Personal information
- Full name: Jesús David José Méndez
- Date of birth: August 1, 1984 (age 41)
- Place of birth: San Rafael, Argentina
- Height: 1.78 m (5 ft 10 in)
- Position: Centre midfielder

Team information
- Current team: Independiente Rivadavia

Senior career*
- Years: Team / Apps / (Gls)
- 2004–2006: River Plate / 20 / (0)
- 2006: → Olimpo (loan) / 16 / (2)
- 2007: St. Gallen / 29 / (0)
- 2008–2009: Rosario Central / 55 / (3)
- 2010–2013: Boca Juniors / 36 / (0)
- 2011: → Rosario Central (loan) / 17 / (0)
- 2012–2013: → Rosario Central (loan) / 59 / (8)
- 2014: Rosario Central / 17 / (1)
- 2014–2016: Independiente / 47 / (2)
- 2016–2017: Toluca / 40 / (3)
- 2018: Vélez Sarsfield / 7 / (0)
- 2020: Deportivo Maipú / 2 / (0)
- 2020–: Independiente Rivadavia / 0 / (0)

International career
- 2009–2010: Argentina / 2 / (0)

= Jesús Méndez =

Argentine footballer

Jesús David José Méndez (born 1 August 1984) is an Argentine football midfielder who currently plays for Independiente Rivadavia.

==Career==
Méndez made his league debut for River Plate in a 2–1 away win at Atlético Rafaela on 3 March 2004. In 2006 he had a loan spell with Olimpo, before joining St. Gallen of Switzerland in 2007. Méndez returned to Argentina in 2008 to play for Rosario Central.
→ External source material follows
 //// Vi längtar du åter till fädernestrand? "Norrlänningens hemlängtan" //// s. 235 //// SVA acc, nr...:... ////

In January 2010, he signed for Boca Juniors. After two loan spells playing again for Rosario Central, the midfielder joined Independiente in 2014.
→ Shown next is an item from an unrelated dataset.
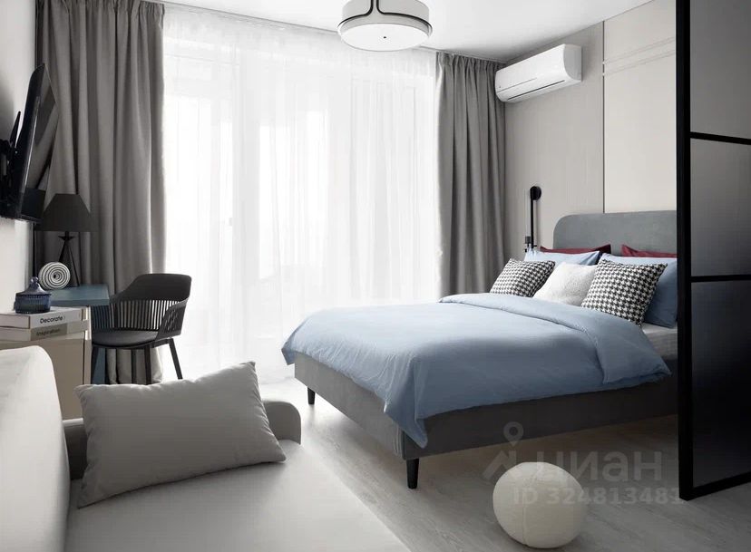 встроенным холодильником,вытяжкой и варочный индукционной панелью. Есть кондиционер,Смарт ТВ и стиральная машина.Кровать на 160 + ортопедический матрас .В ванной комнате установлена душевая кабина, что добавляет комфорта в повседневную жизнь.
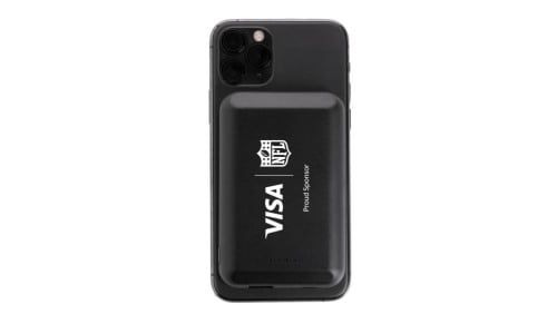 Digitally printed to ONE position on the powerbank with your VISA and NFL shield lock -up logo.

Méndez played two years in Mexico with Toluca, before returning to Argentina to play for Vélez Sarsfield in the second semester of the 2017–18 Argentine Primera División.

Thirty four year old Méndez announced his retirement at the beginning of 2019, after playing some games with Vélez. However, a year later, at the beginning of 2020, Méndez returned to the pitch and joined Deportivo Maipú where he managed to play some games before the start of the quarantine and the suspension of all tournaments due to the COVID-19 pandemic. His contract at Maipú expired in June 2020 and he then joined Independiente Rivadavia a few months later.